Like Mother Like Daughter Enlai plays Gwendolen Fairfax opposite Ivan Heng as Lady Bracknell in The Importance of Being Earnest

Returning to WILD RICE’s The Importance of Being Earnest has been a bizarre, lovely experience. It’s been five years since we last did the show in Brisbane, so it was very strange to pick up the script again. I found myself going, ‘Wow, this is all new to me. What show is this?!’ But it actually does come back to you, because it’s all there, somewhere… in my spleen or my pancreas or something! What’s really interesting this time around is that everything has changed because of the space we’re performing in – WILD RICE’s new theatre in Funan. The blocking is completely different, so we’ve had to connect what’s deeply embedded in us, all these deja vu moments, while putting a bunch of new things together.

Performing in WILD RICE @ Funan is scary! I’ve never performed on a thrust stage before, and it’s insane having audiences on three sides of the stage and so close to you. I’m one of the few members of the cast who’s unlucky enough to be able to see the audience clearly while the show is going on. So, during our very first performance, I remember thinking, ‘Who are all of you people? And why are you so close to me??’ I was so stressed that I actually started having gastric problems. My stomach hurt, so I had to go back to the green room and eat cookies after my first scene!

But, terrifying though it might be, it’s also wonderful. That first night, the applause was so powerful I could feel it all the way up my ass crack!! [laughs] More seriously, it was so overwhelming that it actually moved me to tears. And the space is so intimate that you can observe audience reactions! The other night, I could see these two women in Balcony One – they obviously didn’t know the play, and they were loving it so much, gasping in shock at every revelation. It cracked me up, and it was incredible just to watch them relishing the play, to witness their pure delight.

Enlai having a ball with Lionel Yeo and Janice Koh at the Importance of Being Earnest gala!

One of my most memorable on-stage mishaps happened when I did a play called Prospero’s Children, based on William Shakespeare’s The Tempest. I had two different scenes with Karen Tan, which were quite far apart. However, my first line was the same for both scenes. At one performance, I started doing the second scene first! Karen couldn’t say anything to me while we were on stage, but I could see it all in her eyes as she tried to will me back to the original scene – ‘You want the show to go faster ah?! Where exactly are you going with this, Enlai?!’

I’m inspired by everyone who works together to put together a piece of theatre.

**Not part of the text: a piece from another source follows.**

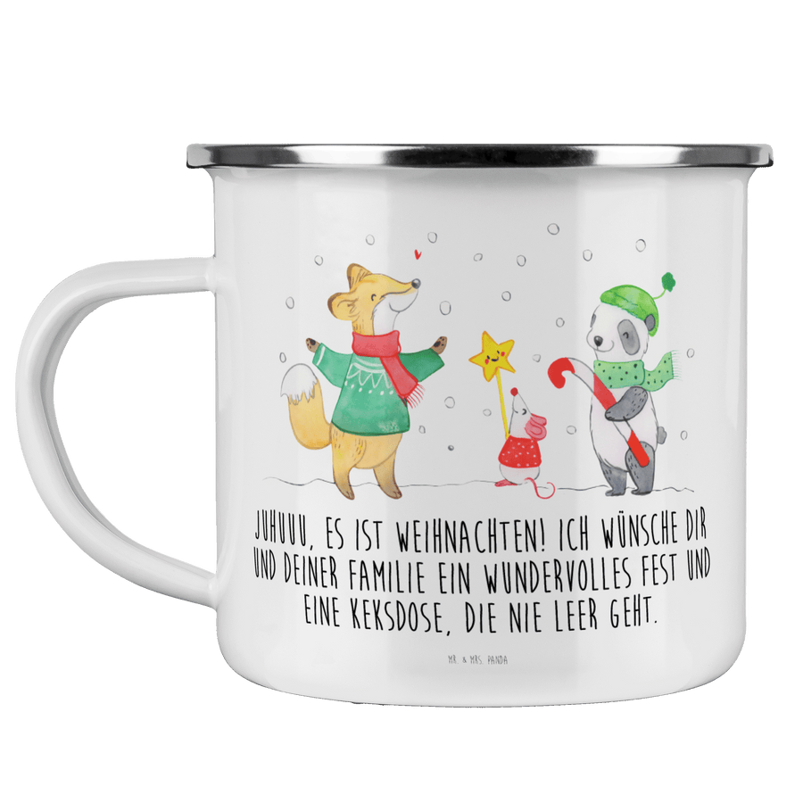 Camping Emaille Tasse Winter Weihnachtsfreude - Weiß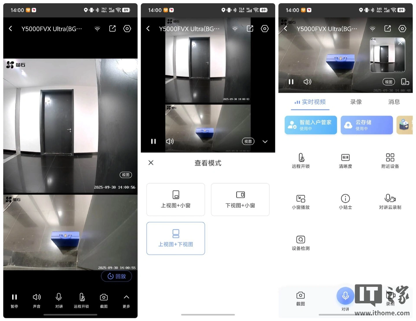 这也是家门口的“实时监控中心”—— 实用价值非常高,当有访客按门铃,或门外有异常逗留时,屏幕会自动亮起,清晰地显示门外双摄像头的实时画面。

Even if I don’t like a show that much, because of its script or vision or whatever, I’m still well aware of how much work goes into putting on a show. As a host myself, I’m also inspired by Jimmy Fallon – he must have such a huge and amazing team that enables him to do what he does five times a week.

If I could give my younger self some advice, I would say: be open-minded and be a team player. And try to keep fit and be healthy! As performers, our jobs are physical ones; we can’t hide behind a keyboard. Our brains, our hearts, our bodies – they’re all we have. And you definitely need a lot of stamina in the theatre, because it’s live!

I love working in the theatre because it requires you to be present, to be in the moment. In the days before mobile phones, we used to be able to concentrate and focus on doing one thing at a time. These days, I find I’m always swiping, moving on to the next thing, and my attention span is getting shorter and shorter. What I love about theatre is that you can’t do a scene halfway and then just wander off! You’re doing what you’re doing with your utmost attention, and whoever is on stage with you is just as fully involved. You have to be there. And I think that’s an important thing to remember in this day and age!